Awesome Lists | Featured Topics | Projects

https://github.com/ngreifer/lmw

lmw: Linear Model Weights
https://github.com/ngreifer/lmw

Last synced: 10 days ago
JSON representation

lmw: Linear Model Weights

Awesome Lists containing this project

README

        

---
output: github_document
---

```{r, echo = FALSE}
knitr::opts_chunk$set(
collapse = FALSE,
warning = FALSE,
message = FALSE,
tidy = FALSE,
fig.align='center',
comment = "#>",
fig.path = "man/figures/README-",
R.options = list(width = 200)
)
```
# lmw: Linear Model Weights

[![CRAN_Status_Badge](https://img.shields.io/cran/v/lmw)](https://cran.r-project.org/package=lmw) [![CRAN_Downloads_Badge](https://cranlogs.r-pkg.org/badges/lmw)](https://cran.r-project.org/package=lmw)
------
### Overview

`lmw` computes weights implied by a linear regression model used to estimate an average treatment effect and provides diagnostics that incorporate these weights as described in [Chattopadhyay & Zubizarreta (2023)](https://doi.org/10.1093/biomet/asac058). The treatment effect resulting from this model can be represented as a difference between the weighted outcome means in the treatment groups, similar to inverse probability weighting.

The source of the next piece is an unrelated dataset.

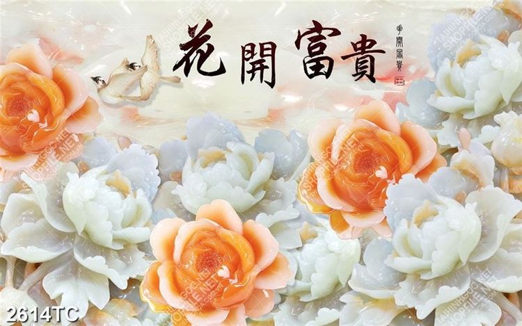 Tranh thư pháp gỉa ngọc hoa mẫu đơn

The weights implied by the regression model have several interesting characteristics: they yield exact mean balance between the treatment groups for every covariate included in the model, they have minimum variance among all weights that do so, and they may be negative. Despite yielding exact mean balance between treatment groups, they may not yield balance between the treatment groups and the target population corresponding to the desired estimand; in addition, the negative weights they produce indicate extrapolation beyond the support of the covariates. `lmw` provides tools to compute the implied weights and perform diagnostics to assess balance, extrapolation, influence, and distributional properties of the weights. In addition, `lmw` provides tools to estimate average treatment effects from the specified models that correspond to selected target populations.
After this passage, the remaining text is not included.